Krisenbedingte Stornierungen hat es beim Spezialisten für Lochbleche und Profilroste bisher kaum gegeben, höchstens mal eine Auftragsverschiebung, weil bei einigen ausländischen Abnehmern von Teilen und Baugruppen aus Seehausen die Werke stillstehen.

Die Bereitstellung von Rohmaterial läuft noch gut, da das meiste aus dem Inland kommt und Graepel nur von wenigen Lieferanten abhängig ist. Was wiederum nur deshalb möglich ist, weil die eigentliche Wertschöpfung vom Zuschnitt über das Formen bis zur Oberflächenveredlung für eine breit aufgestellte Produktpalette erst vor Ort und fast autark über die Bühne geht. Da gibt es wenige Abhängigkeiten.
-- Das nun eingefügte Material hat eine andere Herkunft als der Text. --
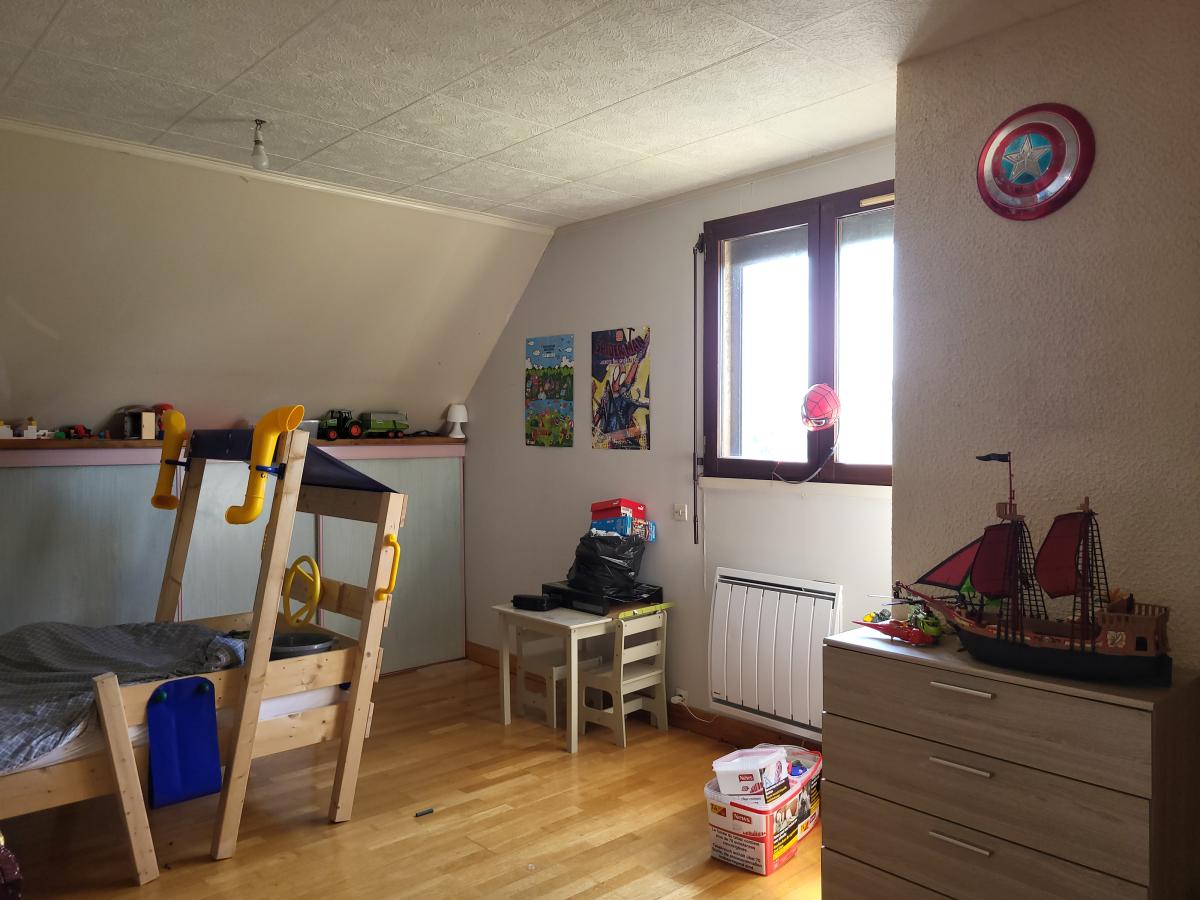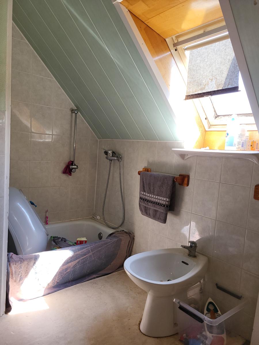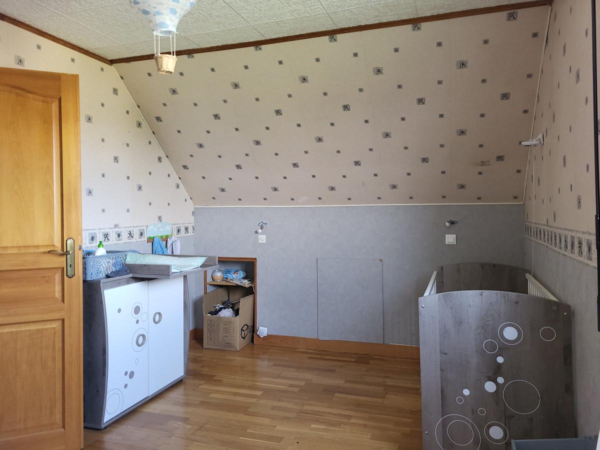 A l'étage : palier à usage de bureau, 2 chambres, salle de bains avec wc

Vielmehr ist es so, dass einige Kunden, die im Ausland bestellt haben, jetzt (wieder) bei Graepel anklopfen, wo sie zudem hohe und gleichbleibende Qualität erwarten dürfen. Was Andreas Klatschow nicht nur für Graepel und seine eigene Branche, sondern auch für andere Bereiche nach der Pandemie als zukunftsweisend sieht, in denen inzwischen eine hohe globale Abhängigkeit herrscht.
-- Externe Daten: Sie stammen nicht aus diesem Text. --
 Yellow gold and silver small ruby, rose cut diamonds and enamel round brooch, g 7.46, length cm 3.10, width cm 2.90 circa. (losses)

„Wir fahren noch auf einem vergleichsweise hohen Niveau, sind voll lieferfähig und termintreu“, so der Geschäftsführer zur aktuellen Situation. Wobei er realistisch bleibt, was kommende Entscheidungen der Regierung oder die weltweite Entwicklung betrifft: „Ich weiß nicht, wie lange das noch so läuft. Wir können auch ganz schnell mal betroffen sein.“

Was Graepel in diesen Tagen eher zu schaffen macht, sind ein erhöhter Krankenstand, die Einschränkungen bei der Kinderbetreuung oder die mangelnde Bandbreite bei den Internetverbindungen, die die Mitarbeiter im Home-Office, aber auch die Leute im Werk zu spüren bekommen. Und deutliche Stromschwankungen werden seit einiger Zeit auch registriert.
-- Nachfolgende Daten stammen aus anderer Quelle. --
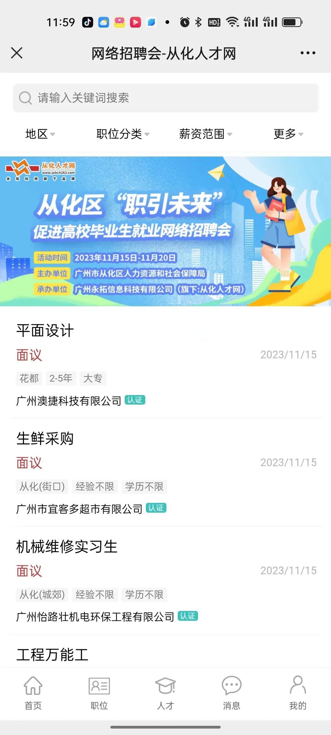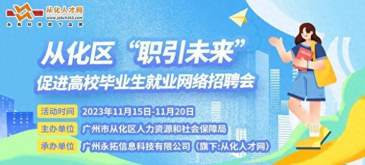 由广州市从化区人力资源和社会保障局主办;广州永拓信息科技有限公司(旗下:从化人才网)承办的从化区“2023金秋招聘月”暨重点用工企业专场网络招聘会,火热进行中啦!

Dankbar ist der Geschäftsführer über die Flexibilität der Mitarbeiter, die auch sonnabends Sonderschichten fahren. Dafür ist das Unternehmen den jungen Familien, die die Betreuung ihrer Kinder ab 16. März von heute auf morgen in Eigenregie organisieren mussten, allerdings auch entgegengekommen. Die betroffenen Eltern konnten in der ersten Woche Urlaub (bezahlt oder unbezahlt) nehmen, die Gleitzeitkonten nutzen beziehungsweise ihre Überstunden ab- oder Minusstunden aufbauen. Und weil es eine so schwierige Situation ist, bekamen sie von den fünf Tagen der ersten Woche einen Tag vom Arbeitgeber geschenkt.